Godfrey of Bulloigne, b. i. st. 78.

Lord Surrey is said to have first taught us regular metre, and Dr. Nott produces the following lines, to show how well he varied his pauses:

"Did yield-vanquished for want of martial art-
"Of just-David by perfect penitence."

How is that a blemish in Chaucer, which is an excellence in Surrey? But, in truth, Chaucer requires no authority to justify him; for he has not indulged in any licence at all. Dr. Nott has most correctly laid the accent on the second syllable of the word beauté, by which means the line has not only the harmony which that sort of versification (i. e. the rhythmical) aspires to, but it is as pure an iambic as can be found in Pope.

That Chaucer imagined that his own verses were metrical, and that he was even solicitous that they should not suffer in their harmony from ignorant transcription, is evident from what he says in Troilus and Cressida, if the words are taken in their natural and ordinary sense :

"So pray I God that none miswrite thee

"Ne the mismetre for Default of Tunge."

But Dr.
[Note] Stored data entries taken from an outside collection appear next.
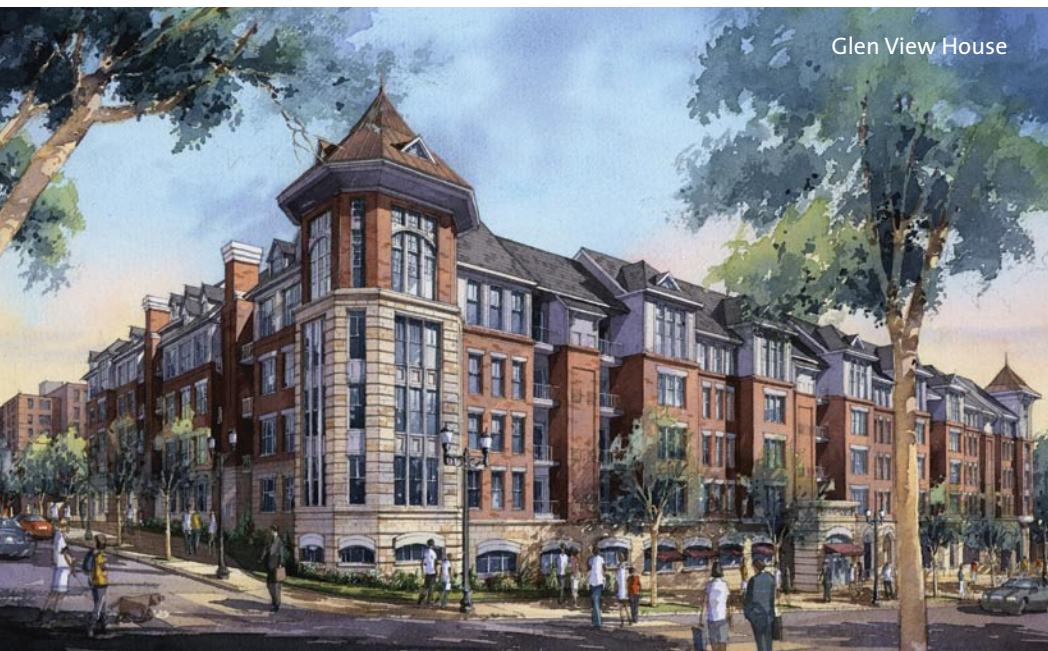
Glen View House
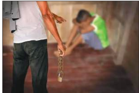
Figure 4 https://www.livemint.com/Politics/Bv4TbeToCpVS9j4IX3hJjN/The-rising-trend-of-child-abductions-in-India.html

THOUGHT : Children who have experienced kidnapping often suffer from persistent fear and anxiety. The trauma of being forcibly taken away from familiar surroundings and loved ones can lead to long-lasting emotional distress. I feel an overwhelming sense of helplessness when I look at the child in the picture who is confined against his will.
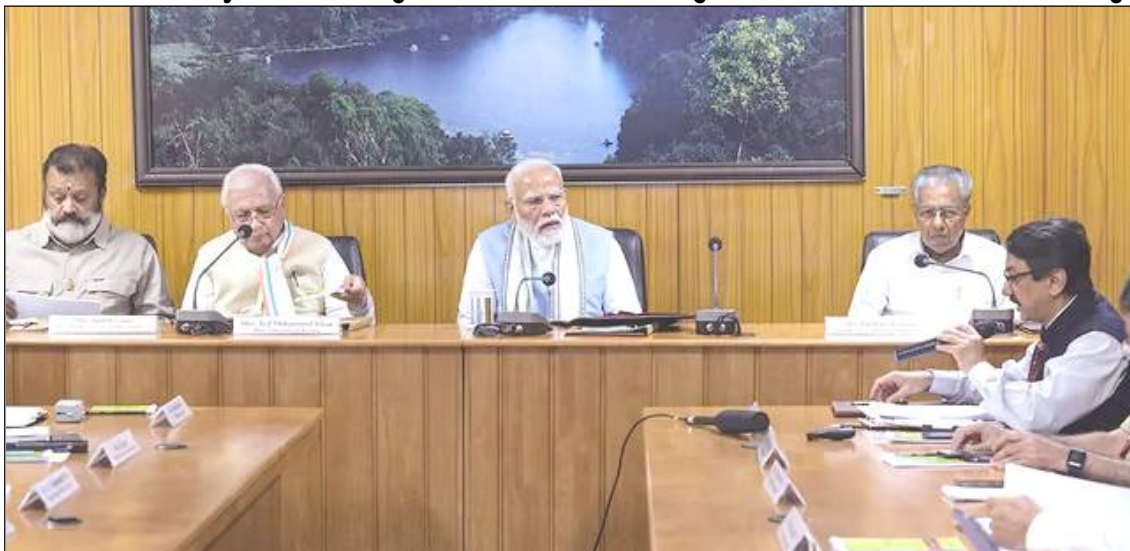
August 10, 2024 nü Ato kilonser Narendra Modi-i Wayanad district nung anentsüh lendong atalokba tesem semdangba sülen pai ketdangsertem den senden amendang tangokba noksa nung angur. Noksa nung Minister of State, Suresh Gopi, Kerala Governor Arif Mohammed Khan aser Kerala Chief Minister, Pinarayi Vijayan nungera angur.
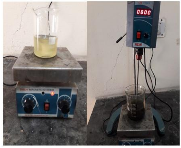
Fig-3: Magnetic stirrer and Mechanical shaker using to prepared suspension of drug polymer

The obtained suspension was agitated using mechanical stirrer up to 400 - 800 revolution per minutes at 38°c maintained temperature for 45 minutes until the suspension homogenously turned into viscous. Then, filter viscous by filteration and washed off with water, dried at room temperature for 2-4 hours. The formulated patches after dried stored in polyethene bag labelled as F1, F2, F3 ad F4 at 40°c till the evaluation.
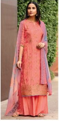
D NO. : 16001
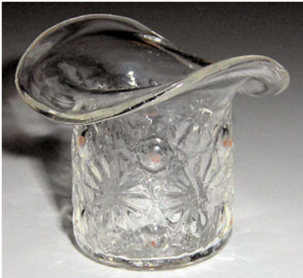
Old blown glass hat
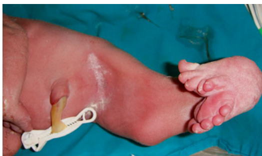
Fig. 2.6 Aphallia in association with sirenomelia

with low mortality and fewer additional malformations [6].
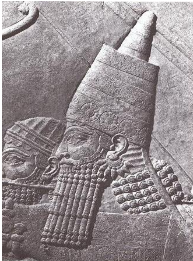
King Ashurbanipal, 669-627 B.C.. The excavations of his library provided a major source of Mesopotamian literature, including a good portion of the Epic of Gilgamesh.

So the trapper set out on his journey to Uruk and addressed himself to Gilgamesh saying, 'A man unlike any other is roaming now in the pastures; he is as strong as a star from heaven and I am afraid to approach him. He helps the wild
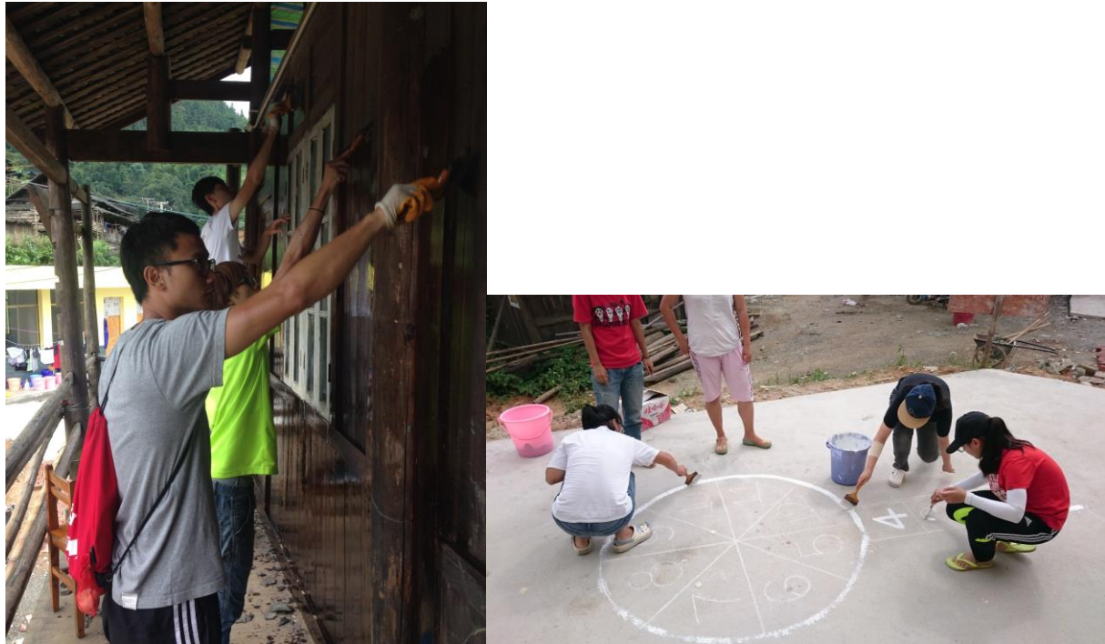
Students painting outer wall and hopscotch respectively

Based on our design proposal of repair and improvement work, we had two meetings with students from Guang Xi university and the Contractor to discuss the viability of those proposed work. After the discussion, we decided that some work can be done and some work are banned. The work to be done are regulating the building, ground pavement, painting of supports and outer wall of the building, drainage system.
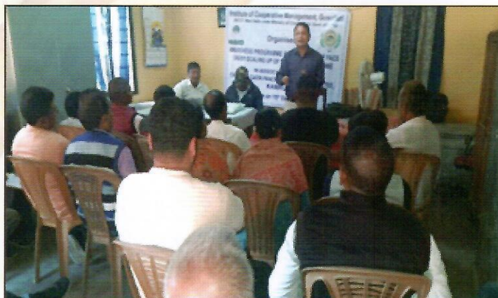
Glimpses of the Training Programme at Pachim Bonbhag, PACS, Nalbari
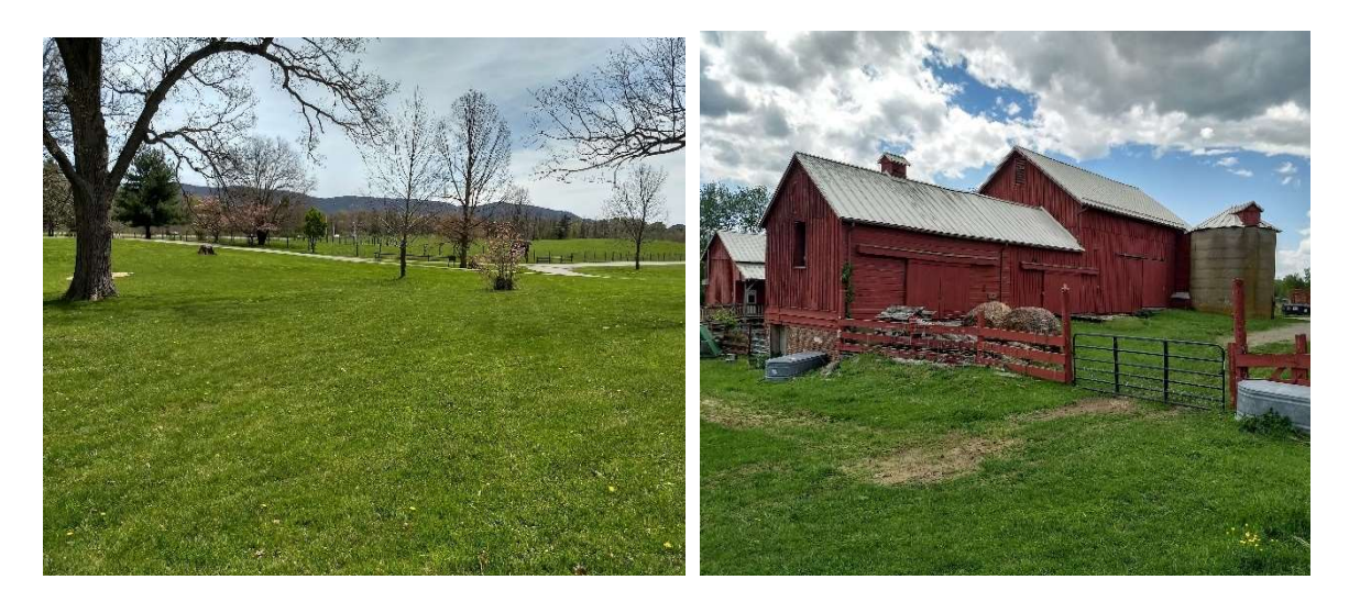
Stony Kill Farm and Barns

The Town of Fishkill 2009 Comprehensive Plan recommended consideration of a "Recreation Zoning District (see Map 2 in the 2009 Plan) to protect large, significant open space parcels. This was not implemented. Some communities have adopted "Conservation Zoning Districts" for these types of properties, in which appropriate, low impacting uses are permitted which are consistent with the features and character of these sites and to accommodate current uses on those sites. Examples would include Stony Kill Environmental Education Center and Hudson Highlands State Park Preserve, among others, as recommended in Goal B, Objective 2 of the draft CPU in the Large Parcel Analysis. It is recommended that the Town Board consider the possibility of adopting a new Conservation Zoning District and rezoning appropriate parcels (shown on Map 2 of the CPU into that new Zone).

Nott would persuade us that when he talks of metre, he means something else; and that his injunction is only that the rhythmical cadence may not be injured by a mistaken position of the cæsura. Another passage has been often cited from his House of Fame, in which he confesses his measure to be defective, and implores Apollo to make his book

"somewhat agréable,

"Tho' some verse fail of a syllable.”

This clearly proves, as Mr. Tyrwhitt has observed, that he knew the laws of metre, or he would not, in

this instance, have apologized for their violation. We must then, according to Dr. Nott's hypothesis, conclude, that, though he knew what was right, he wilfully, and with his eyes open, persisted in writing what was wrong. But we are told, that in all the ancient MSS. of his poems, the cæsura is distinctly marked; and Dr. Nott, by a series of entertaining quotations, has shown that this practice uniformly prevailed in ancient manuscripts up to a certain date. The fact is sufficiently established; but I cannot see how it supports the inference which is drawn from it, that the compositions, so distinguished, must, for that reason, have been constructed on a rhythmical, and not a metrical, system. What Adam Scrivener, as Chaucer calls him, intended by the various marks with which he adorned his pages, it is not easy, correctly to ascertain; but they would be quite as useful, and much more so, to prevent a blundering reciter from spoiling the metre "for default of tunge," as it would be to direct him in giving the proper rhythmical cadence. If he failed in the one instance, the verse was gone: but in the other, if I rightly understand what is meant by rhythmical cadence, which I suppose to bear some resemblance to a cathedral chaunt, if he gave too much or too little to one part of the line, he could easily recover his time in the remainder. Dr. Nott informs us, that these marks were disused after 1532, because our poetry had then become metrical. The word after is ambiguous; but if he means that this great alteration in our verse took place as early as that year, and that Surrey was its author, it is surely placing his influence on English literature extravagantly high, at a period when he was not above fourteen years of age. The extracts which are given from authors posterior to Chaucer, with a view to show that because their lines are unmetrical, the same must be said of his, by no means prove any such position. If others, in nature's de

spight, betook themselves to writing verses, and made very bad ones, are we thence to decide that one of our greatest poets, who has occasionally exhibited the most harmonious flow, was equally ignorant of his art? As well might we contend that Shakspeare and Spenser were rugged and untuneful, because they were followed by Donne and Cleaveland. But there is one material objection to the probability of Dr. Nott's hypothesis, which remains to be noticed. Surrey lived in a learned and critical age: his rank, his character, and the melancholy close of his life, threw an interest around every thing connected with his name. Churchyard was brought up in his family; Golding was probably as old; Gascoigne could not have been born at a much later period; Surrey is spoken of in high terms by every writer on poetry in the time of Queen Elizabeth; yet not from any one of them have we the slightest intimation of his having introduced such a radical change into the whole structure of English versification. I cannot but think that their silence will prove, that he was no more the inventor of a new species of measure, than Waller, or Dryden, or Pope, though his good taste led him to select what was best in his predecessors, and to add some partial improvements of his own. Our obligations to him, as being the first to whom we owe an example of blank verse, will be afterwards considered.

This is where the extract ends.